Show how to construct an asymptotic 95% confidence interval for \(g(x)\) (for a single \(x\) ).
Assume \(p=2\). Describe how to estimate \(g(x)\) imposing the constraint that \(m(x)\) is concave.
Assume \(p=2\). Describe how to estimate \(g(x)\) imposing the constraint that \(m(u)\) is increasing on the region \(u \in\left[x_{L}, x_{U}\right]\)
Exercise 8.21 Take the linear model with restrictions \(Y=X^{\prime} \beta+e\) with \(\mathbb{E}[X e]=0\) and \(\boldsymbol{R}^{\prime} \beta=\boldsymbol{c}\). Consider three estimators for \(\beta\) :
\(\widehat{\beta}\) the unconstrained least squares estimator
\(\widetilde{\beta}\) the constrained least squares estimator
\(\bar{\beta}\) the constrained efficient minimum distance estimator
For the three estimator define the residuals \(\widehat{e}_{i}=Y_{i}-X_{i}^{\prime} \widehat{\beta}, \widetilde{e}_{i}=Y_{i}-X_{i}^{\prime} \widetilde{\beta}, \bar{e}_{i}=Y_{i}-X_{i}^{\prime} \bar{\beta}\), and variance estimators \(\widehat{\sigma}^{2}=n^{-1} \sum_{i=1}^{n} \widehat{e}_{i}^{2}, \widetilde{\sigma}^{2}=n^{-1} \sum_{i=1}^{n} \widetilde{e}_{i}^{2}\), and \(\bar{\sigma}^{2}=n^{-1} \sum_{i=1}^{n} \bar{e}_{i}^{2}\).

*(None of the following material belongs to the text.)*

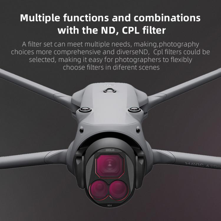 Features1. ND filter is very suitable for DJI Mavic 4 Pro, with multi-layer coating, waterproof, scratch-proof, dust-proof and oil-proof, protecting your Mavic 4 Pro lens from all-round damage. At the same time, it reduces the amount of light entering the Mavic 4 Pro lens, helps to avoid overexposure, resists scattered light and increases color saturation, making the picture more transparent and gorgeous. ND 8/16/32/64 filters provide 3/4/5/6 levels of light reduction respectively. When using, you can reduce the shutter speed (shutter speed using ND* lens = shutter speed x* when not using ND lens) to make the picture have appropriate dynamic blur. It is often used to shoot landscape subjects such as waterfalls, flowing water, waves, mountains, rivers, etc., to achieve blockbuster effects such as misty flowing water and night light tracks.

As \(\bar{\beta}\) is the most efficient estimator and \(\widehat{\beta}\) the least, do you expect \(\bar{\sigma}^{2}<\widetilde{\sigma}^{2}<\widehat{\sigma}^{2}\) in large samples?
Consider the statistic
\[ T_{n}=\widehat{\sigma}^{-2} \sum_{i=1}^{n}\left(\widehat{e}_{i}-\widetilde{e}_{i}\right)^{2} . \]
Find the asymptotic distribution for \(T_{n}\) when \(\boldsymbol{R}^{\prime} \beta=\boldsymbol{c}\) is true.
- Does the result of the previous question simplify when the error \(e_{i}\) is homoskedastic?
Exercise 8.22 Take the linear model \(Y=X_{1} \beta_{1}+X_{2} \beta_{2}+e\) with \(\mathbb{E}[X e]=0\). Consider the restriction \(\frac{\beta_{1}}{\beta_{2}}=2\).
Find an explicit expression for the CLS estimator \(\widetilde{\beta}=\left(\widetilde{\beta}_{1}, \widetilde{\beta}_{2}\right)\) of \(\beta=\left(\beta_{1}, \beta_{2}\right)\) under the restriction. Your answer should be specific to the restriction. It should not be a generic formula for an abstract general restriction.
Derive the asymptotic distribution of \(\widetilde{\beta}_{1}\) under the assumption that the restriction is true.